MAGA supporters see and hear that message and are happy to repeat it back when asked.
While there’s some reasonable concern about the potential chilling effect of a failed indictment, that’s not what Trump supporters are saying when they make the case that an indictment would be a net positive for the former president. They point to the failed impeachments and numerous previous investigations. They point to Trump’s claim of political persecution as a mainstay of his image and say any indictment would similarly bolster that claim. They claim that actually Trump’s team is “pumped” about the possibility of an indictment and an arrest.
“Of course, no one wants to be indicted, but it is helpful politically and legally it’s not even that much of a threat because the case is so weak and looks nakedly political,” the Daily Mail quoted one “member of Trump’s inner circle” as saying. Trump lawyer Joe Tacopina argued in an interview with “Good Day New York” that an indictment would “embolden him and embolden his supporters.” Rep. Elise Stefanik, R-N.Y., chair of the House Republican Caucus and prominent Trump coattail rider, insisted to The New York Times that an indictment from Bragg “only strengthens President Trump moving forward.”
Even New Hampshire Gov.
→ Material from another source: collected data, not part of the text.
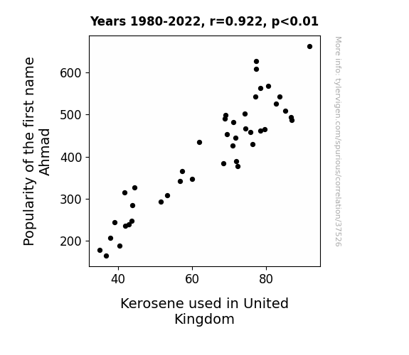 This means 85.1% of the change in the one variable (i.e., Kerosene used in United Kingdom) is predictable based on the change in the other (i.e., Popularity of the first name Ahmad) over the 43 years from 1980 through 2022.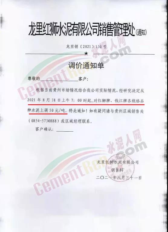 龍里紅獅水有限公司通知,根據(jù)當前貴州市場情況結合公司實際情況,經(jīng)研究決定從2021年8月31日上午7時起,對紅獅牌、錢江牌各規(guī)格品種水泥上調(diào)50元/噸。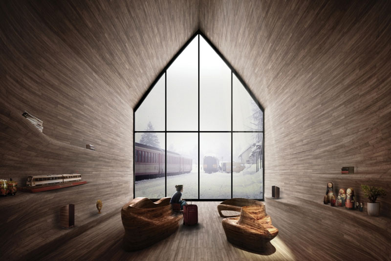 Il progetto ha conquistato il secondo posto grazie al potenziale che ha di diventare un punto di riferimento importante lungo la rotta ferroviaria, essendo una rappresentazione chiara, essenziale e coerente di una capanna in legno.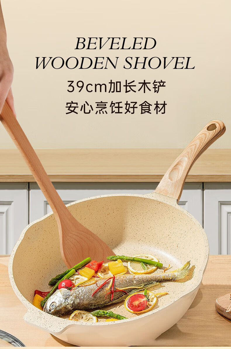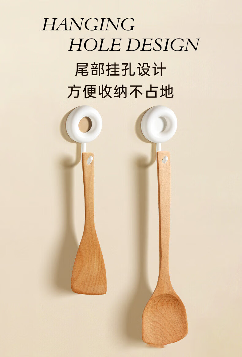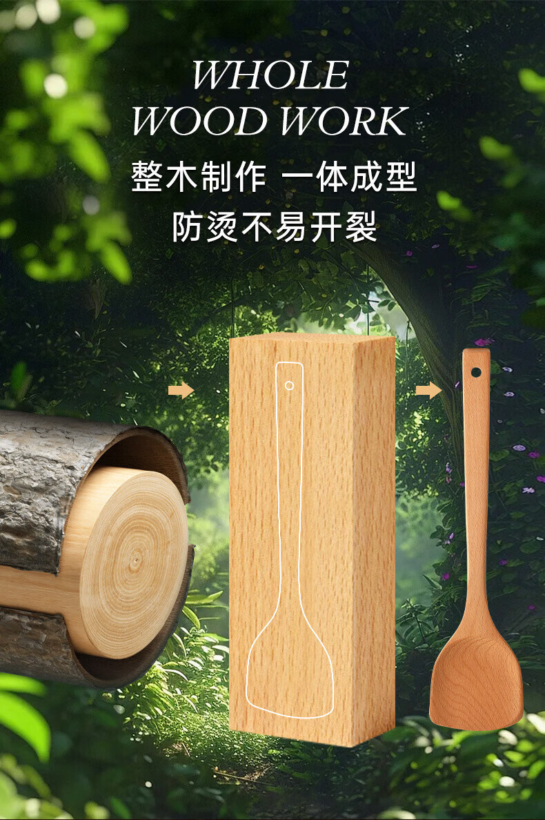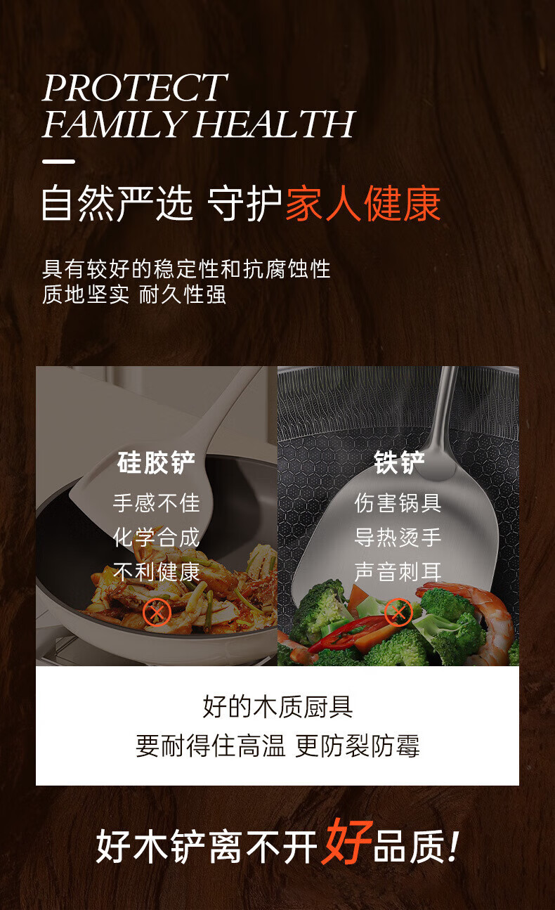 PINYU carbonized beech wood spatula, frying spatula and rice spatula set, special wooden cooking spatula for non-stick pans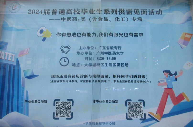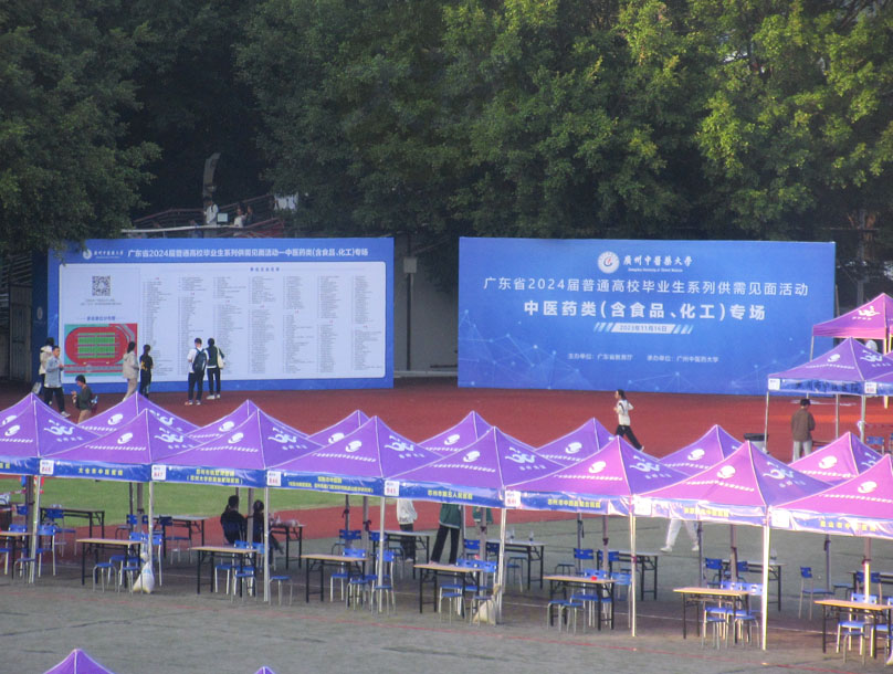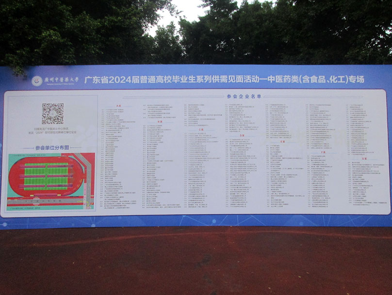 大学城广中医生活区运动场 明天11.16周四将举行一场中医药类含食品化工专场招聘供需见面会 具体上午8点30到下午16点 运动场临靠紧挨着中环广中医广药公交站 进出入口在中环广中医天桥下 附详细参会企业机构单位医院等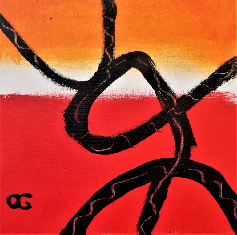 Acrylic on canvas mounted on corrugated board. Part of a series inspired by a trip to Spain and my interest in calligraphy and ancient forms of writing. Signed on verso; initialed on front. No frame needed. Ready to hang.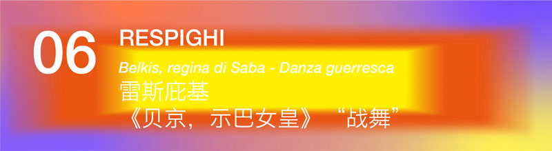 雷斯庇基(Ottorino Respighi , 1879-1936)是世纪之交意大利器乐创作领域最具天赋的作曲家,他的管弦乐创作色彩斑斓、美妙动听,具有非同一般的感染力。这部芭蕾舞剧再现了公元前1000年示巴女王贝京的一系列的奇妙旅程。“战舞”描绘出狂喜的庆祝活动,矫健的年轻战士们在鼓上跳跃、舞蹈,足踵锤击出雷鸣般的节奏,充满异国情调的管乐间或其中,战士们充满阳刚之气,“发出战争呐喊,同时挥舞着长矛,跳着他们奇妙的舞蹈”。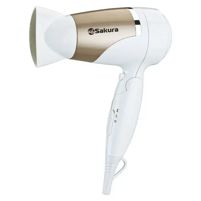 Фен Sakura sa-4040w, 1800вт, 2 режима/скорости, белый с золотом
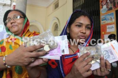 People seen displaying the ink mark on their fingers and the cash after exchanging the demonetised Rs 500 and Rs 1000 currency notes at a bank, in Bengaluru on Wednesday 16th November 2016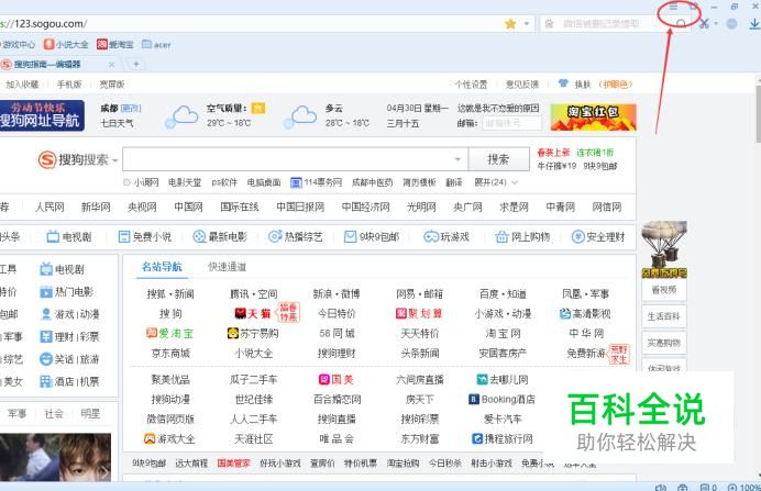 我们以搜狗浏览器为例子,其他的浏览器都大同小异,打开搜狗浏览器,点击左上角的菜单栏。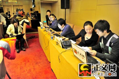 12月24日上午9時,由正義網(wǎng)與騰訊微博主辦的“政法微博與社會管理創(chuàng)新”峰會將在北京召開。與會嘉賓將就政法信息微博公開現(xiàn)狀、突發(fā)政法輿情微博應(yīng)對機制、政法官員微博內(nèi)容規(guī)范、微博問政與社會管理創(chuàng)新等問題進(jìn)行探討。會議開始前,正義網(wǎng)工作人員忙著做各項準(zhǔn)備工作。楊征 謝天維/攝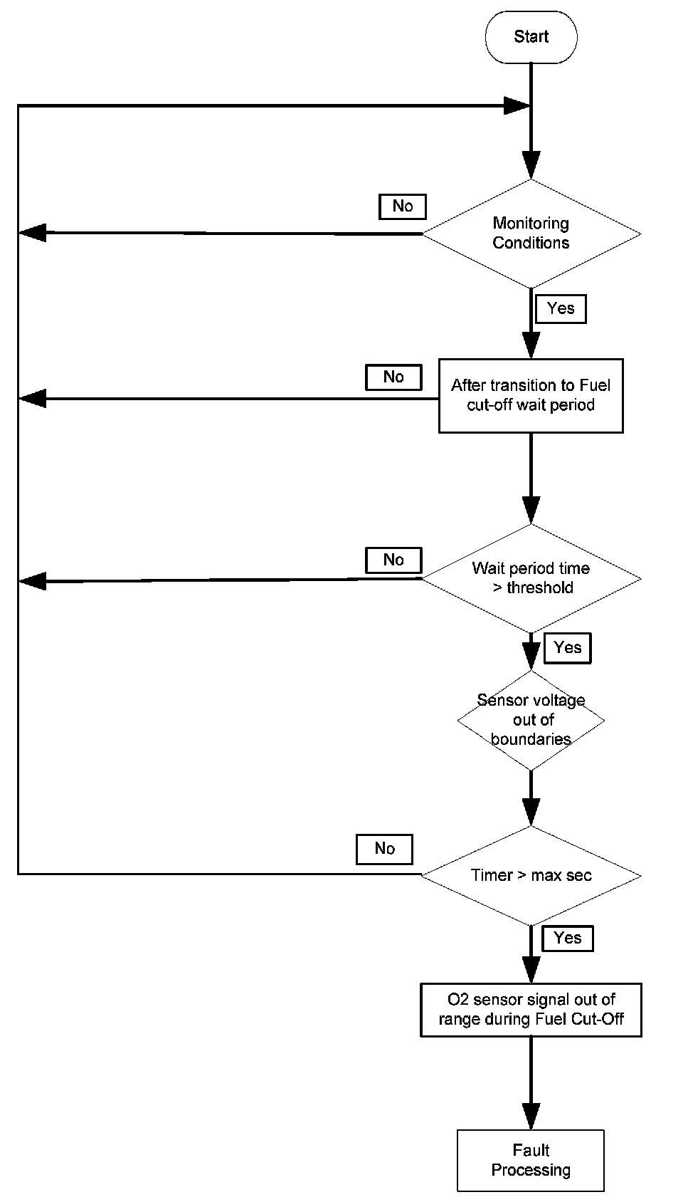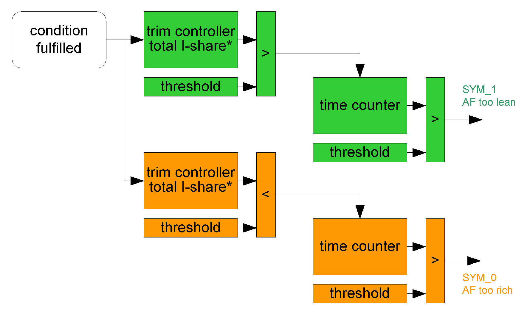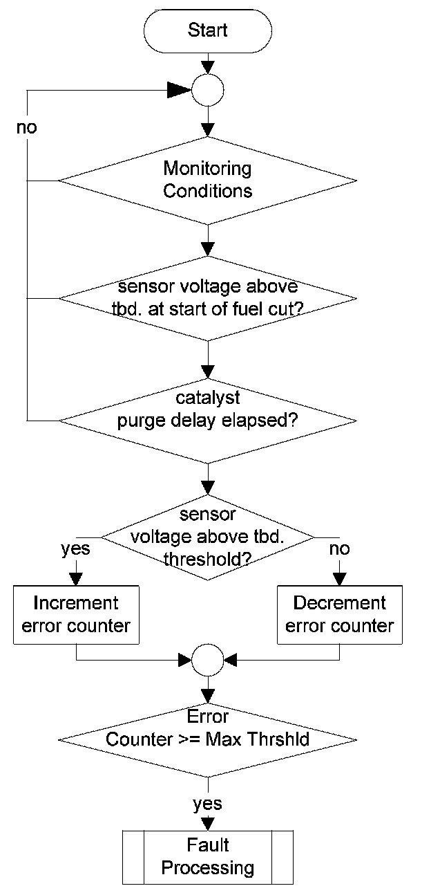 1. Part one monitors the downstream sensor voltage during active fuel trim controller p-share. If the fuel trim control is active, the downstream sensor voltage must be in a band around the trim control set point. If the voltage is outside this band, a mass air flow integral is incremented. If this integral is over a threshold, a malfunction is detected (see also picture below.). When the downstream sensor voltage will not switch to rich before the integral is over a threshold after a fuel cut-off phase, then this fault will be stored, too.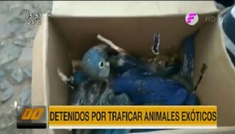 La Policía Nacional detuvo a cinco personas por traficar animales exóticos. Según los intervinientes, tenían en su poder tres guacamayos azules que serían comercializados.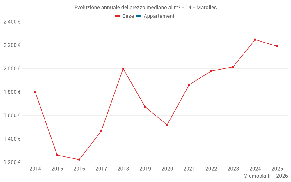 Il prezzo al m² delle case è diminuito del 2.5% da 1 anno, ma è aumentato del 79% in 9 anni.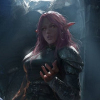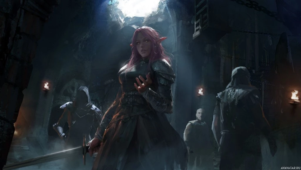 glowing hair and pointed ears who appears to be an elf or fantasy character. This character stands out as the central figure in the composition, holding what looks like a sword. They are surrounded by other figures that seem to be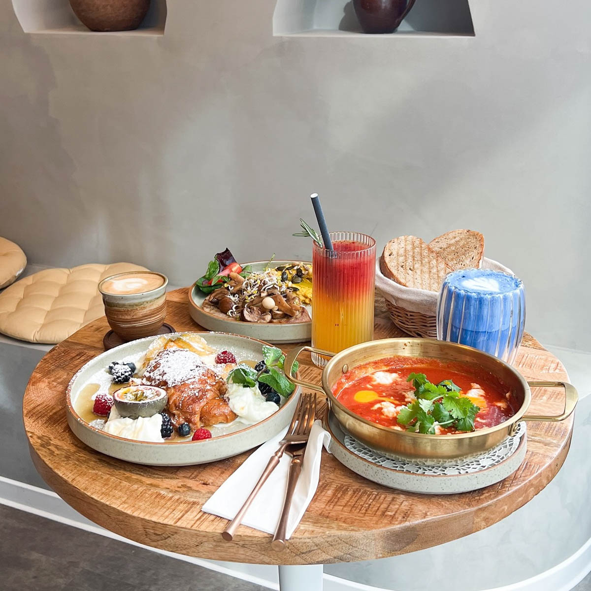Könnten Wörter doch duften. Dann könnten wir die süßlich-herbe Tomaten-Kurkuma-Sauce des „Golden Shakshuka“, die gegensätzlichen Aromen von Cheddar und Kimchi auf dem „Double Kimchi Cheese“-Croissant oder die Zimtnote der Yamswurzel bei der lilafarbenen „Ube“-Waffel riechen. Gut, so weit sind wir noch nicht. Dafür aber sind Frühstück und Brunch im eleven 11:11 eleven so hübsch und farbenfroh angerichtet, dass sie, kaum serviert, schon auf Instagram begeistern.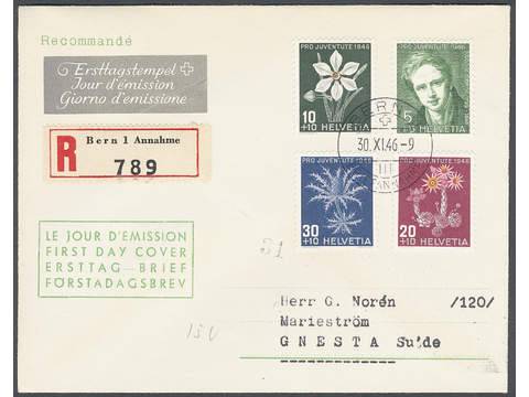 Switzerland. FDC Michel 475–78 , 1946 Pro Juventute. Addressed FDC with traces of mounting on back, otherwise fine. EUR 170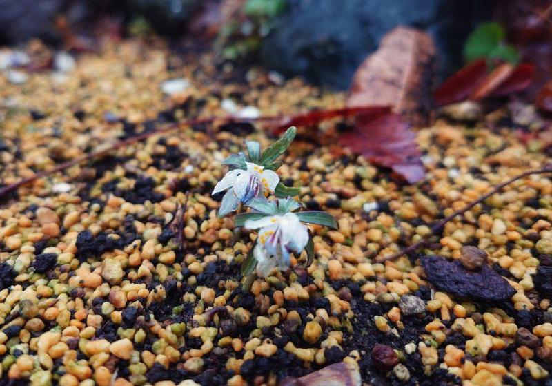 山野草マップの後ろの通路、石積みの小さな山に、ささやかに咲いています。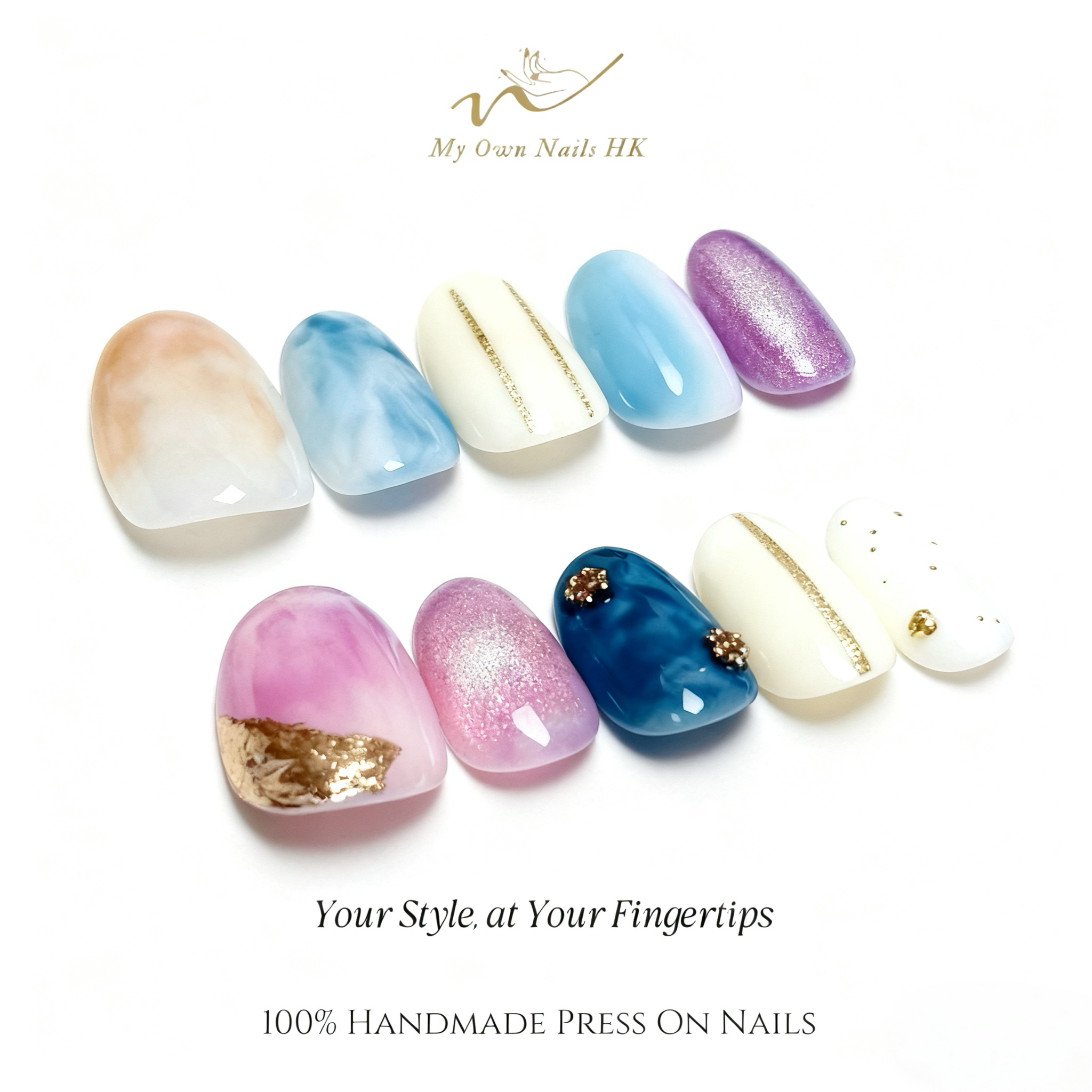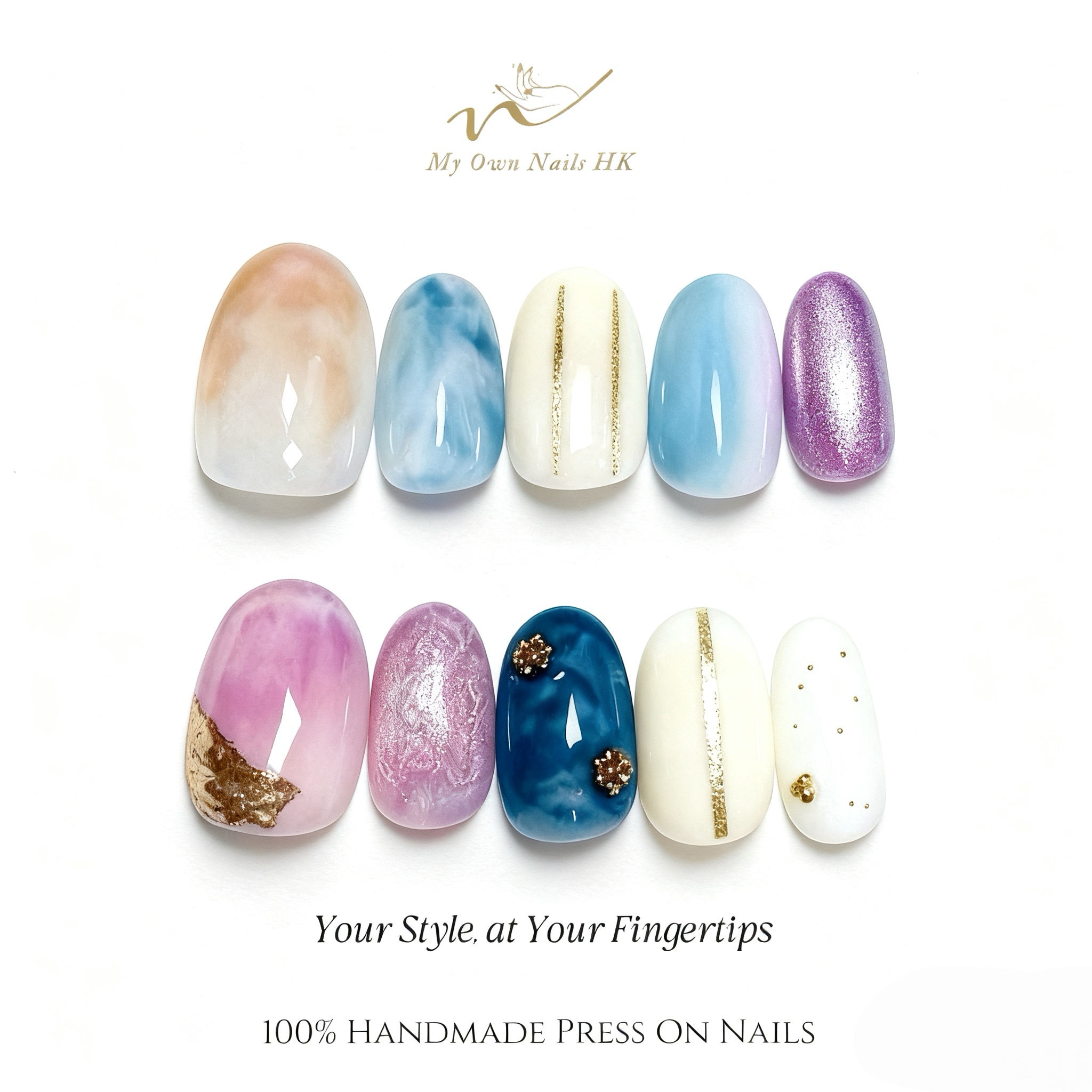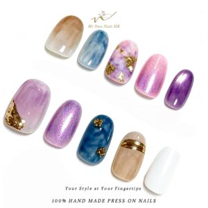 【云汀鎏笺】 原創手工穿戴甲手繪貓眼新款暈染美甲云汀鎏笺手工穿戴甲|DS0011 複本

Chris Sununu, a Republican who isn’t exactly Trump’s biggest fan, thinks as much. The Stormy Daniels case is “building a lot of sympathy for the former president,” he told CNN’s “State of the Union” on Sunday. His evidence? None of the people he’d had coffee with that morning “were big Trump supporters, but they all said they felt like he was being attacked.”
MAGA supporters see and hear that message and are happy to repeat it back when asked. At a Trump rally in Iowa last week, attendees told NBC News’ Jonathan Allen they were sure their guy would come out on top if charged. In a Fox News man-on-the-street segment recorded in New York City, one Trump supporter called a potential indictment “great,” since “it will give him more notoriety and his base will get even stronger.”